Net sales decreased 15% in the first quarter of 2023 to $1.2 billion compared to $1.4 billion in the first quarter of 2022 following 33% net sales growth in the first quarter of 2022 and 57% growth in the first quarter of 2021. Weather conditions were generally favorable in our southern markets, where Texas and Florida, our two largest markets in the South, realized combined base business sales in-line with 2022. In contrast, results were limited by unusually wet and cold weather in the western U.S., including in California and Arizona, two of our largest markets, where base business sales were down a combined 21% from last year. We estimate that sales were also negatively impacted 2% from lower customer early buy activity in the first quarter of 2023 versus the first quarter of 2022 and 1% from continued softness in our European markets.

Gross profit decreased 17% to $369.8 million in the first quarter of 2023 from $447.2 million in the same period of 2022. In-line with our expectations, gross margin decreased 110 basis points to 30.6% in the first quarter of 2023 compared to 31.7% in the first quarter of 2022.

Selling and administrative expenses (operating expenses) increased 6% to $224.0 million in the first quarter of 2023 compared to $211.5 million in the first quarter of 2022. Our largest expense growth drivers during the quarter related to rent and facility costs, the return of in-person customer-facing retail events and investments in customer-focused projects. As a percentage of net sales, operating expenses increased to 18.6% in the first quarter of 2023 compared to 15.0% in the same period of 2022.

Operating income in the first quarter of 2023 decreased 38% to $145.8 million from a tough comparison of $235.7 million last year but was 13% higher than operating income in the first quarter of 2021 of $129.0 million. Operating margin was 12.1% in the first quarter of 2023 compared to 16.7% in the first quarter of 2022.

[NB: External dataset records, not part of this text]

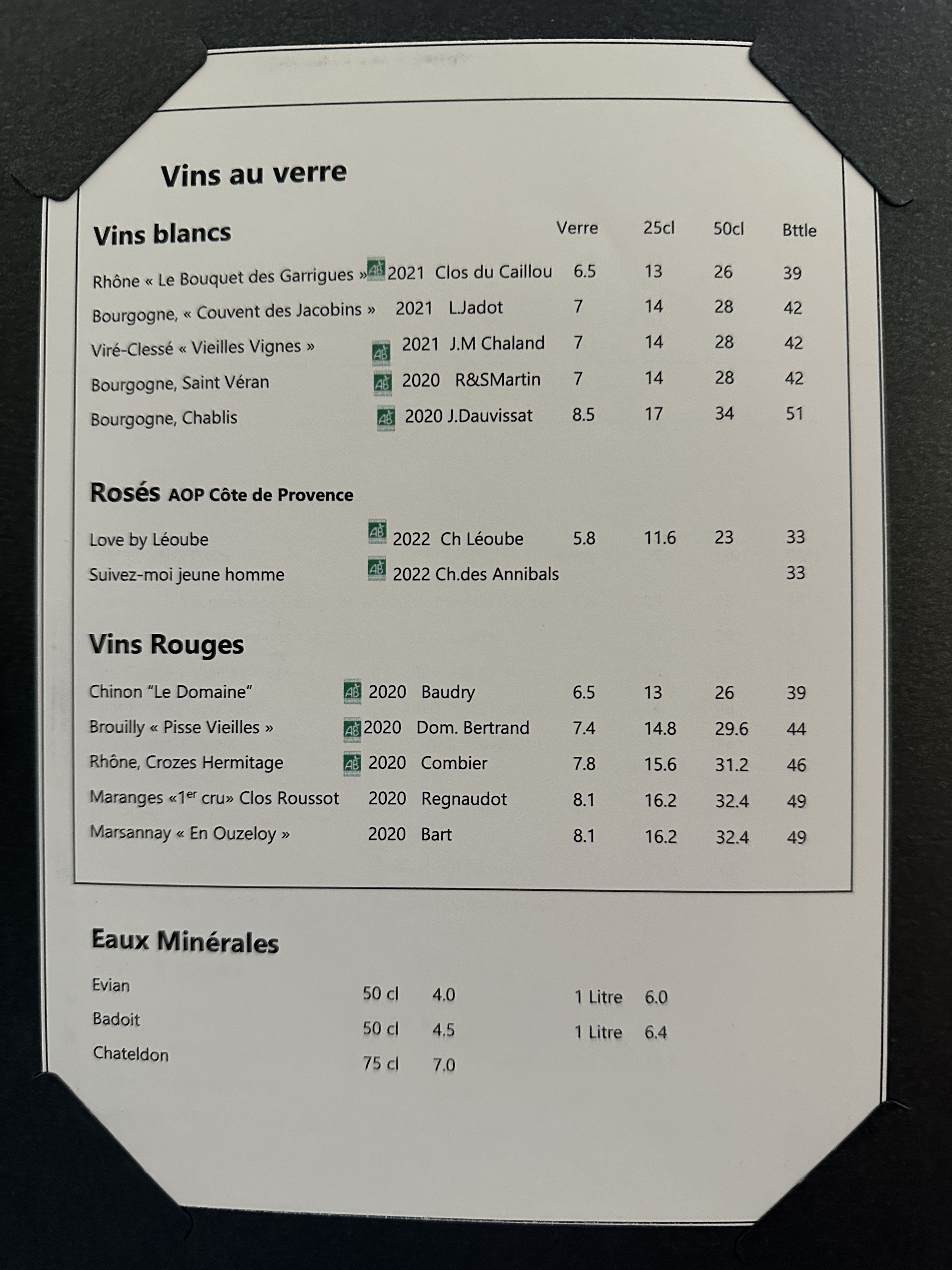 Sachez qu'ici la rondelle de citron vous est facturée a part dans votre Perrier (Il n'y a pas de petit profit). Une pratique parisienne qui s'est visiblement bien diffusée.
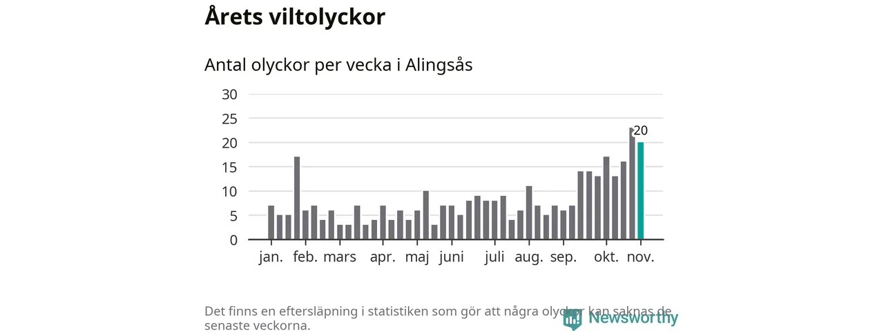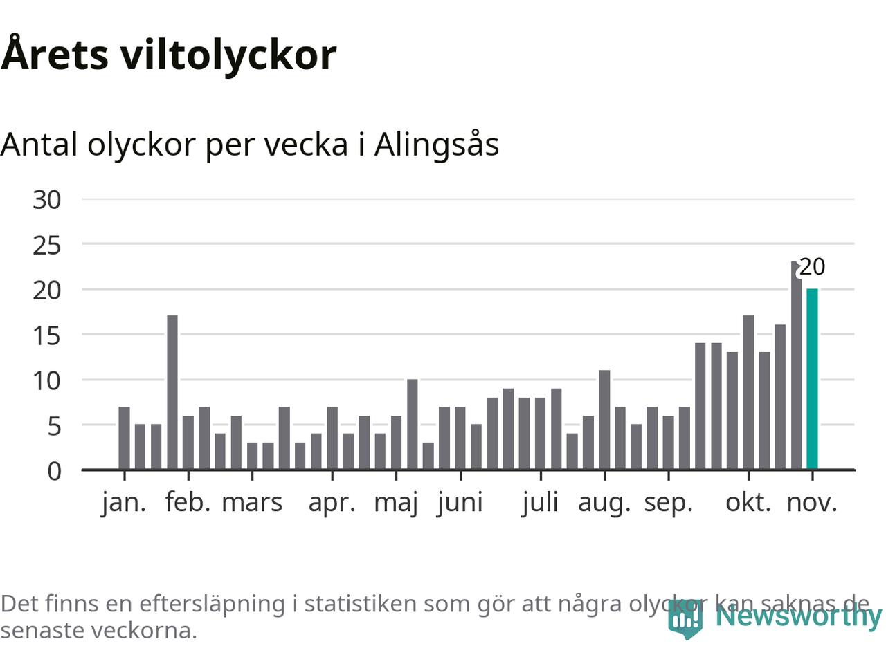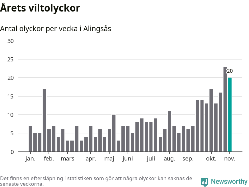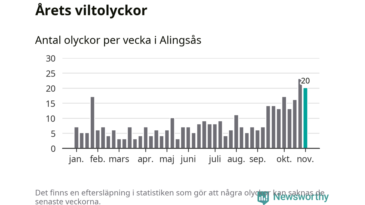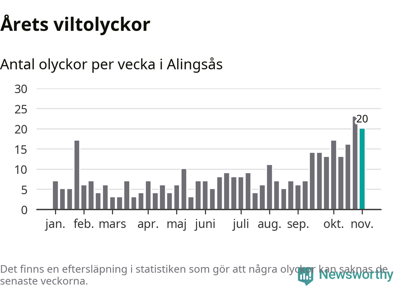 20 olyckor på en enda vecka är däremot ovanligt många. Bara 17 gånger tidigare sedan 2015 har det skett
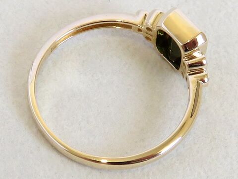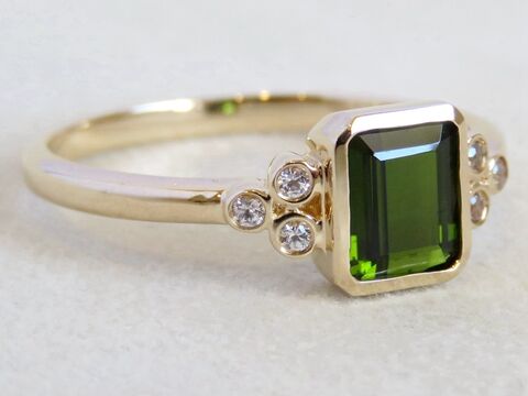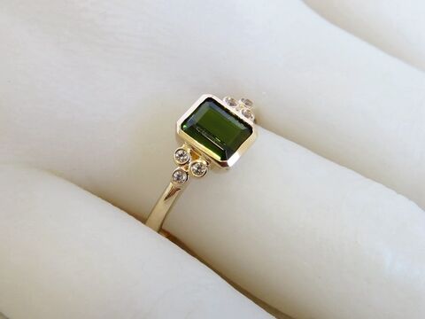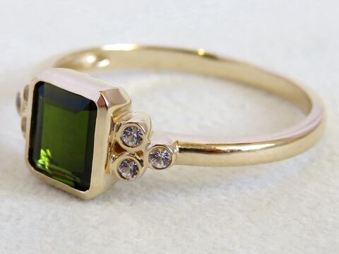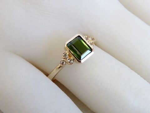 This elegant ring features a 1.1ct natural emerald-cut green tourmaline as the centre stone, showcasing its rich, deep green hue in a modern bezel setting. On each side, clusters of natural white sapphires add a touch of brilliance, enhancing the vivid colour of the tourmaline while providing a delicate sparkle. The ring is crafted in 9k yellow gold, with a smooth, polished band that complements the clean lines of the design.
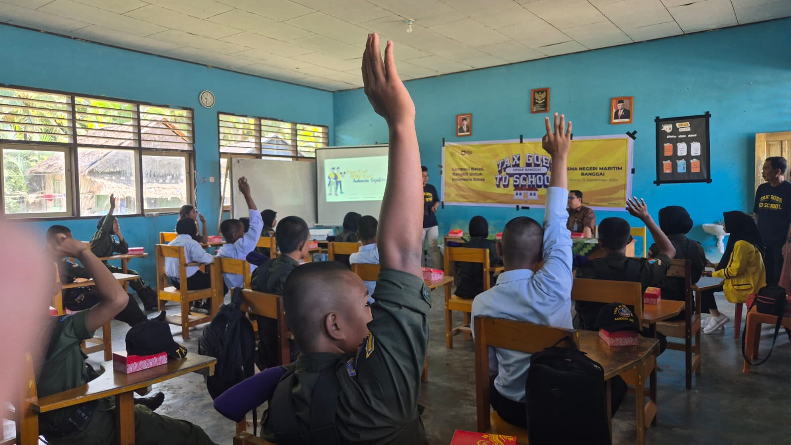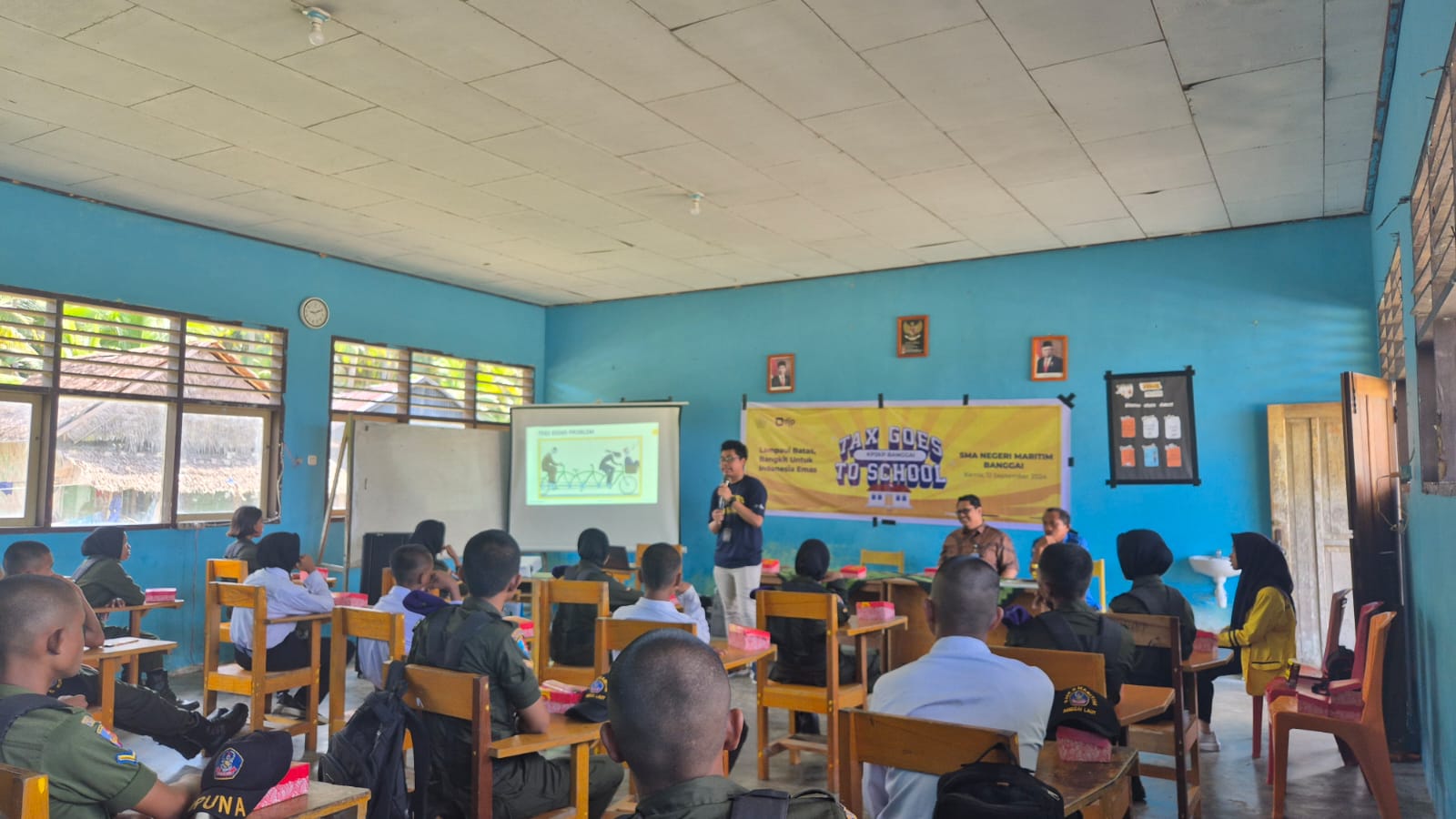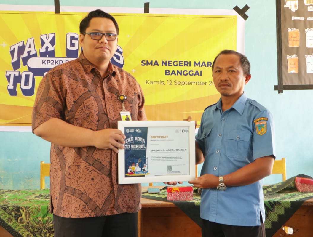 Kantor Pelayanan, Penyuluhan, dan Konsultasi Perpajakan (KP2KP) Banggai menggelar kegiatan Tax Goes to School (TGTS) di SMK Negeri Maritim Banggai, Sulawesi Tengah (Kamis, 12/9). Kegiatan digelar di Ruang Kelas SMK Negeri Maritim Banggai dengan diikuti dua puluh empat siswa-siswi dari kelas 10 dan kelas 12.

Interest and other non-operating expenses, net for the first quarter of 2023 increased $10.6 million compared to the first quarter of 2022, primarily reflecting higher average interest rates.

We recorded a $4.8 million tax benefit from Accounting Standards Update (ASU) 2016-09, Improvements to Employee Share-Based Payment Accounting, in the quarter ended March 31, 2023, compared to a tax benefit of $7.3 million realized in the same period of 2022. This resulted in a $0.12 per diluted share tax benefit compared to an $0.18 per diluted share tax benefit realized in the same period of 2022.

Net income decreased 43% to $101.7 million in the first quarter of 2023 compared to $179.3 million in the first quarter of 2022. Earnings per diluted share decreased 41% to $2.58 in the first quarter of 2023 compared to $4.41 in the same period of 2022. Without the impact from ASU 2016-09 in both periods, earnings per diluted share decreased 42% to $2.46 compared to $4.23 in the first quarter of 2022.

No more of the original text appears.